Laser hair removal employs the principle of selective photothermolysis and uses several devices for the purpose. The targeted chromophore may be endogenous like, melanin in the hair or exogenous like carbon particles introduced in the skin.

Devices that target melanin are those which produce wave lengths absorbed by melanin. These are 694nm long pulse ruby lasers, 755nm long pulse alexanderite lasers, 800nm pulse diode lasers, 1064nm Q-switched Nd:YAG lasers and 590 to 1200nm intense pulse lasers or IPL. Devices that target exogenous chromophores are carbon particles + 1064nm Q-switched Nd:YAG lasers and 5-Aminolevulinic acid.

Melanin pigment

By targeting the melanin in the hair, selective destruction of various parts of the hair follicle is possible. However, the melanin in the skin may also absorb laser radiation causing skin damage. Such epidermal damage can be limited by using appropriate cooling means like, ice, cooled gel layer and many other devices.

Laser pulse width seems to be critical for the kind of hair removal desired, that is, short or long term. Over the years, pulse widths have increased from nanoseconds through microseconds to milliseconds. Trials have revealed that short pulse lasers like, Q-switched Nd: YAG lasers rapidly heat up the melanin, releasing photoacoustic shock waves which disturb the melanocytes but achieve incomplete follicular destruction. This incomplete destruction of the follicle fails to achieve permanent hair removal. However, short pulse widths in the milliseconds range can remove hair temporarily.
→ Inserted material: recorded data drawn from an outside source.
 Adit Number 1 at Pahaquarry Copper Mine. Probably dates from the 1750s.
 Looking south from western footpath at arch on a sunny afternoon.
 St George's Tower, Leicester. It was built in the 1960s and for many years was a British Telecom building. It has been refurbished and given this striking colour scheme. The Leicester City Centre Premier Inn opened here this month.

Sometimes, for hair removal, the targets are unpigmented, such as, follicular stem cells that do not have melanin in them. And since without melanin there cannot be any light absorption, the nearby pigmented hair shaft is targeted. In such cases, long pulse widths have been suggested to allow time for the heat to spread in the entire hair volume to bring about stem cell damage. Super long pulses, greater than 100 microseconds, appear to cause long term hair removal.
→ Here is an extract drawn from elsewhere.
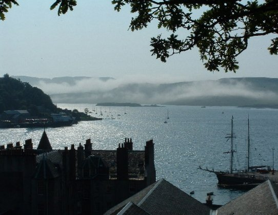 View from McCaig's Tower over Oban Bay looking towards Kerrera.

The fluence used also plays a role in the success of hair removal. High fluences cause higher hair removal. The patient’s skin related factors determine the optimal fluence that results in hair removal without any damage.

Exogenous chromophore

The problem of unwanted absorption of light energy by the skin melanin is resolved by introducing external chromaphores whose light absorption level is different from melanin. The difficulty here is about introducing the chromophore equally at all depths of the follicule.

The soft light system uses carbon particles as chromophores. A suspension of carbon particles is applied on a wax-epilated skin. The suspension is then removed and the skin irradiated by a relatively low energy Q-switched Nd:YAG laser. While hair regrowth is significantly delayed by this method, compared to laser alone treatment there are no extra benefits.
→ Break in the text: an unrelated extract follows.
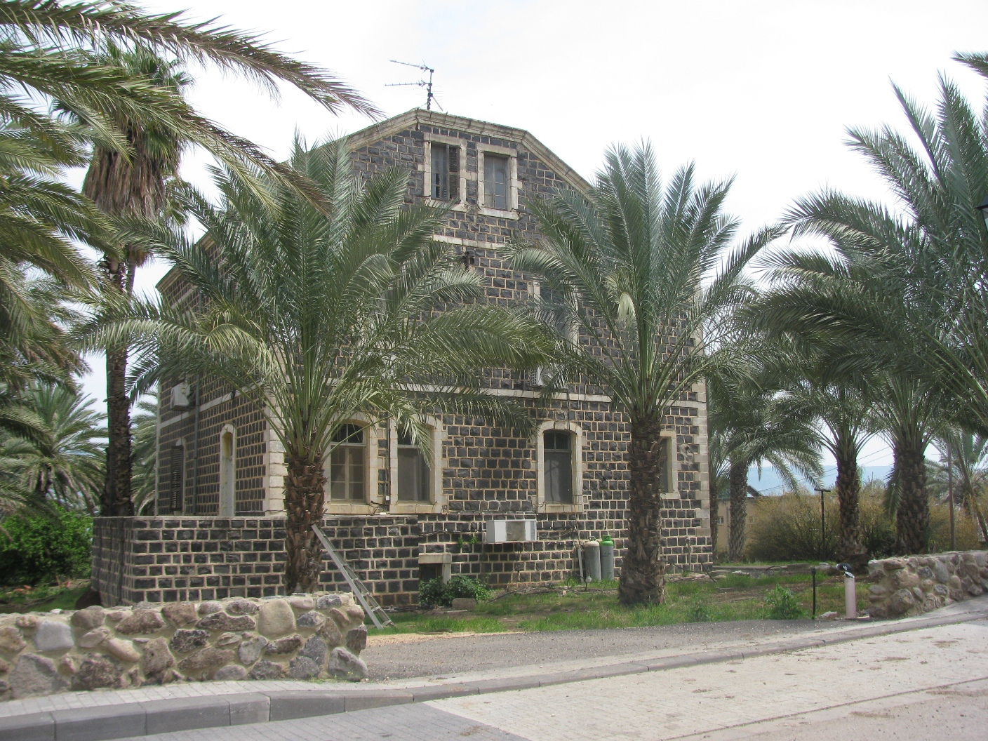 Kinneret, Moshava, Settlements in Israel

PDT, using 5-ALA photosensitizer and 630nm argon pumped tunable dye laser underwent trial in a small pilot study. Dose dependent decrease in hair regrowth was observed. The potential benefit of PDT perhaps lies in the action of photosensitizers in the hair follicles. Because photosensitizers tend to localize in the follicular epithelium, potentially, hairs of all colors and in all stages of the growth cycle could be destroyed.

Pre-operative care

A complete history of hypertrichosis, herpes labialis if the perioral area is involved, herpes genitalis if the pubic area is to be treated, and history of previous treatments will be needed by the surgeon. Six weeks before treatment the patient should avoid all kinds of hair removal, except shaving. During treatment, hair loss from the shaved area is higher than from epilated areas. If sun exposed sites are involved, then sun exposure of those sites should be avoided. All body sites can be treated but treatment on or around the eye is not advised.

Side effects of laser hair removal

Laser treatment is not painless. All patients feel some pain during and immediately after treatment. A topical or local anesthetic may be used to reduce pain. Perifollicular erythema and edema occurs in all cases and usually last up to 3 days. Excessive fluences may cause skin damage. Herpes simplex and infections are rare. Temporary pigmentation changes and hyperpigmentation can occur but are more common in dark skinned patients as is permanent pigmentary changes. Tattoo lightening and freckle loss is possible.